▶ [What to work on]
From the first line of the entries down to the line with "online and offline.", write out every line exactly; that last line counts, but pictures do not.

Data shown START

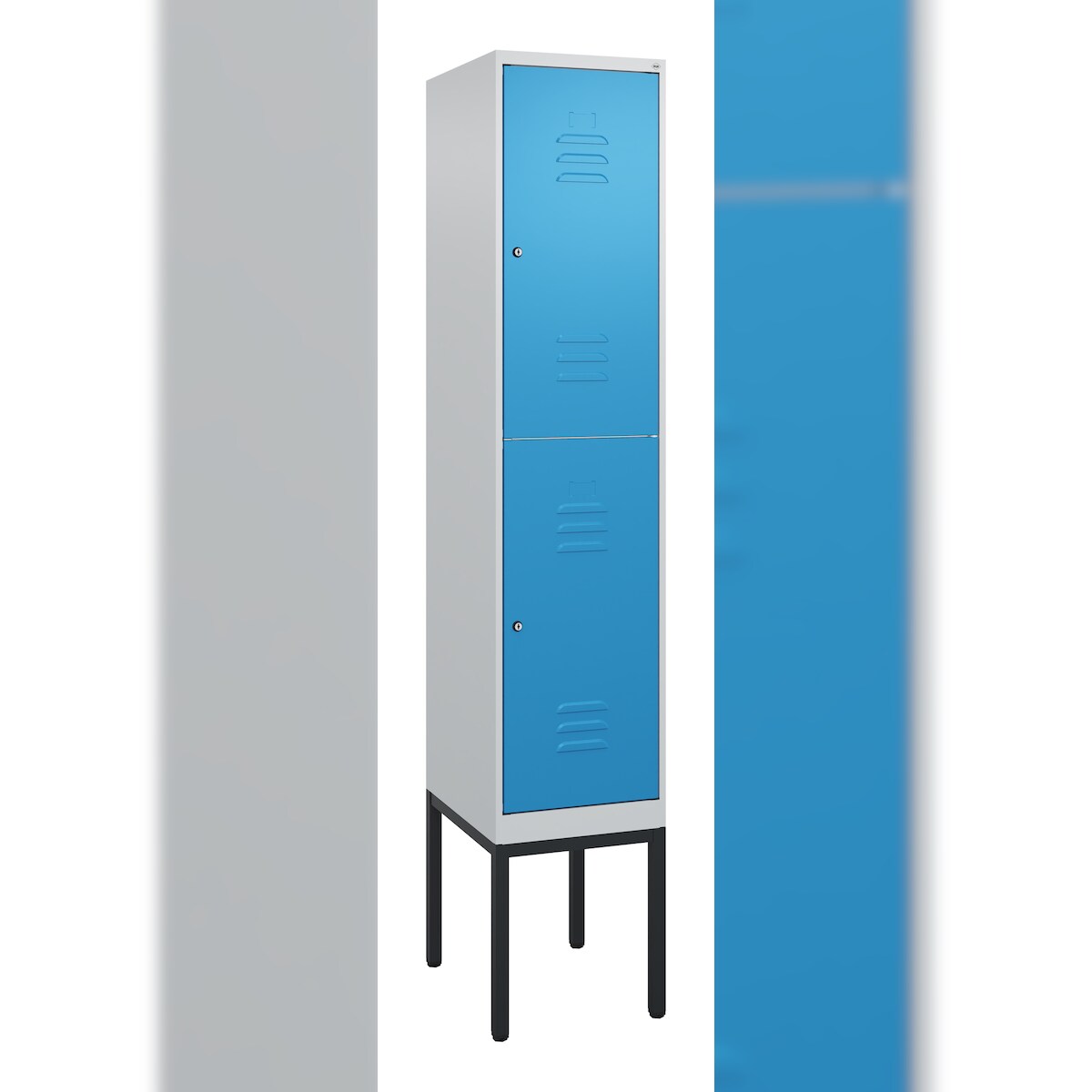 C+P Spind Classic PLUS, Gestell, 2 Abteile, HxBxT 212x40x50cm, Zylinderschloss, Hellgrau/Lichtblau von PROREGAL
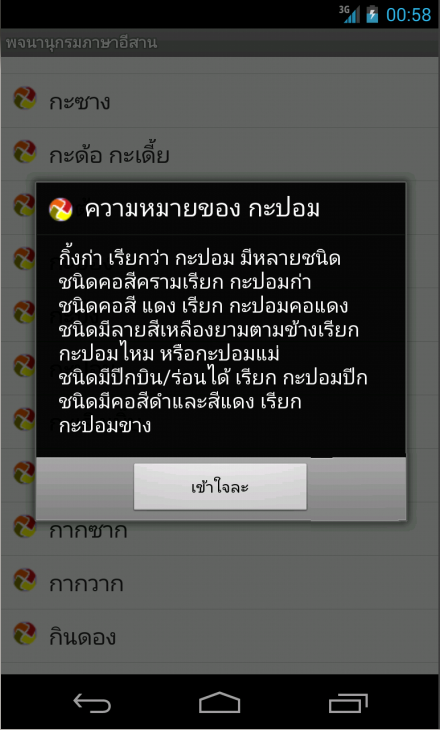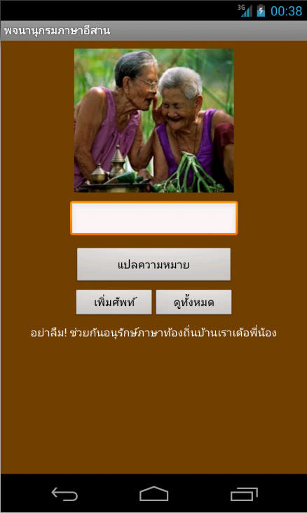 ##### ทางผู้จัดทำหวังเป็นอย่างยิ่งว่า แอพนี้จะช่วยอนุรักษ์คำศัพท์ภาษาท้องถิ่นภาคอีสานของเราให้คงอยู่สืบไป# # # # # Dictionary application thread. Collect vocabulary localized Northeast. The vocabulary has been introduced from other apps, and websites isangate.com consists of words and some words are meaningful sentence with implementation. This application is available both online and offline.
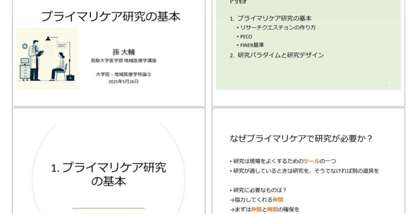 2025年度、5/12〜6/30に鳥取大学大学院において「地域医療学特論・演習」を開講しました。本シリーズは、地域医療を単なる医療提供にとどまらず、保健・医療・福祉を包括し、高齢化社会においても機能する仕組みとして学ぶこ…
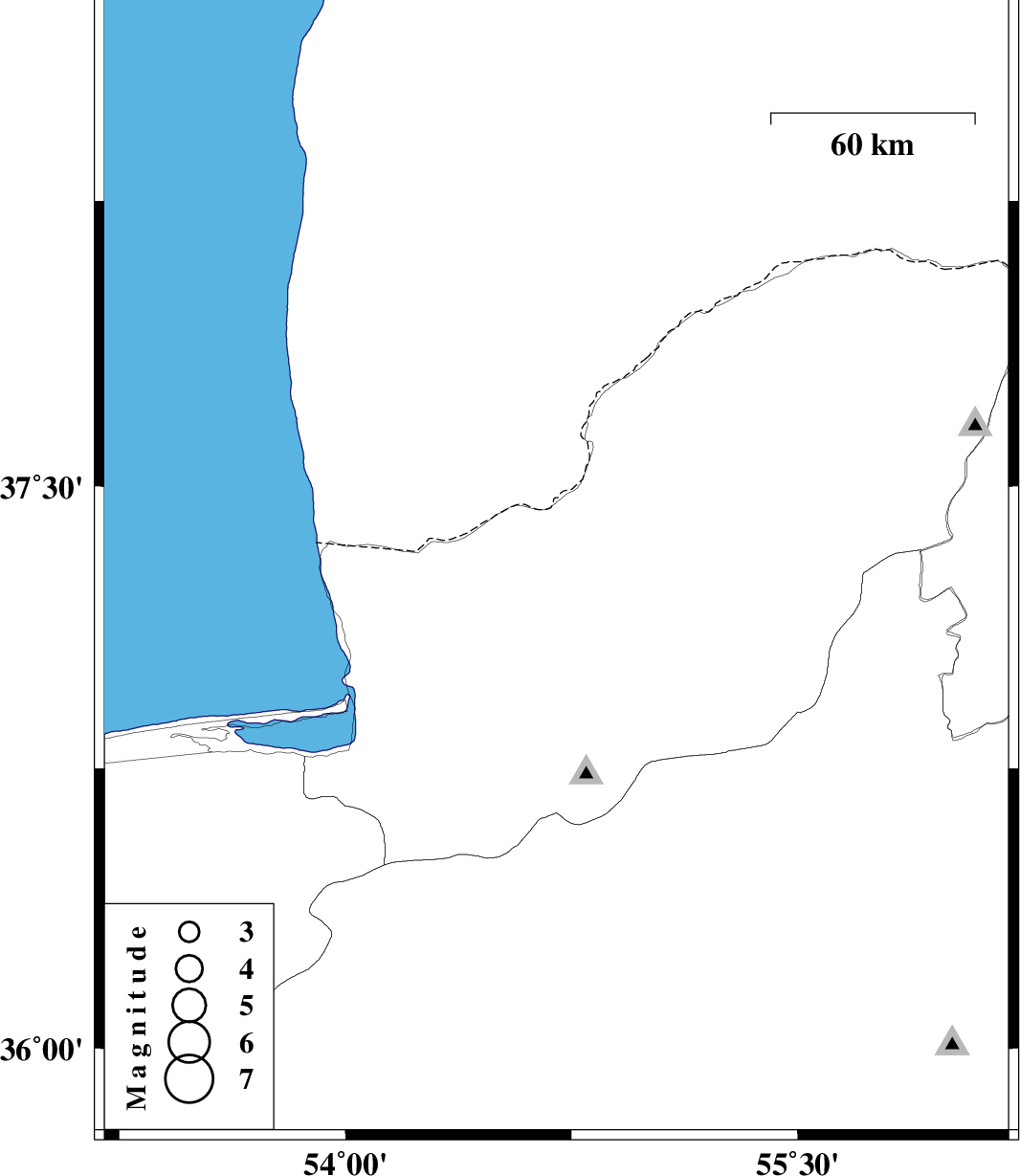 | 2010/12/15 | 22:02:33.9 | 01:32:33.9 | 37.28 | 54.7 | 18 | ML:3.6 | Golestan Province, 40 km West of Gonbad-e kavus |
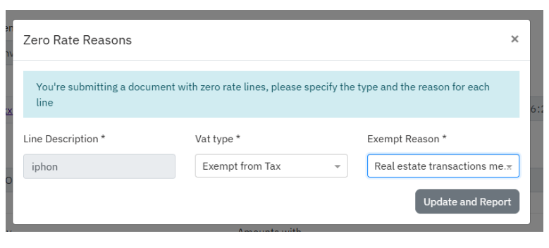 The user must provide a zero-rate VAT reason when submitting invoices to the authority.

Data shown END

▶ [Task answer]
 C+P Spind Classic PLUS, Gestell, 2 Abteile, HxBxT 212x40x50cm, Zylinderschloss, Hellgrau/Lichtblau von PROREGAL
 ##### ทางผู้จัดทำหวังเป็นอย่างยิ่งว่า แอพนี้จะช่วยอนุรักษ์คำศัพท์ภาษาท้องถิ่นภาคอีสานของเราให้คงอยู่สืบไป# # # # # Dictionary application thread. Collect vocabulary localized Northeast. The vocabulary has been introduced from other apps, and websites isangate.com consists of words and some words are meaningful sentence with implementation. This application is available both online and offline.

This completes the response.